On the other hand, expatriates and emigrants learn from their new countries how societies are managed and how governments work. They become cultured and civilized (e.g. they wait in line, are courteous with strangers, drive with respect, obey the law, etc.). They become scientifically literate and bring in new ideas from technology, science, governance, and cultural advances in general. They become more sensitive to issues of racism and sexism. They understand the relationship between a clean environment and their physical and economic health....And they represent the only hope left for the country to emerge from the cesspool of religions and sects and tribes and feudal parties. Which is why their vote, if they are allowed to cast their votes in the upcoming legislative elections, is so important.

So the message to the resident Lebanese imbeciles: For once, only once in your lifetime, try to be creative and unpredictable:

VOTE FOR A COMPLETE STRANGER. On the ballot, ignore all names you have heard for decades like Jumblatt, Gemayel, Chamoun, Frangiyeh, Aoun, Bassil, Miqati, Karame, Geagea, Arslane, Mouawad, Hariri, etc... and choose a name you've never heard before, the name of those who might - just might - change how this tormented country is run. 

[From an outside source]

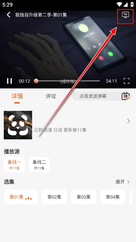 2.在影视播放页面,点击弹幕区域

With the old corrupt political farm families, you know for sure that your miserable lives won't change, your children will continue to emigrate, you'll still have to beg and bribe to get anything done, your businesses will continue to falter....

With a new crop of strangers in parliament, there is a chance that things might begin to change. These strangers hail from a whole range of backgrounds, and many are professionals (teachers, engineers, managers, doctors, researchers, lawyers, etc.). 

DON'T FALL FOR THE LIES OF THE ESTABLISHMENT POLITICIANS. They are incapable and unwilling to change. VOTE FOR COMPLETE STRANGERS, and try them for just 4 years. If these strangers can't turn the country around, you can go back and vote for your favorite dinosaur and neanderthal from the political family farms.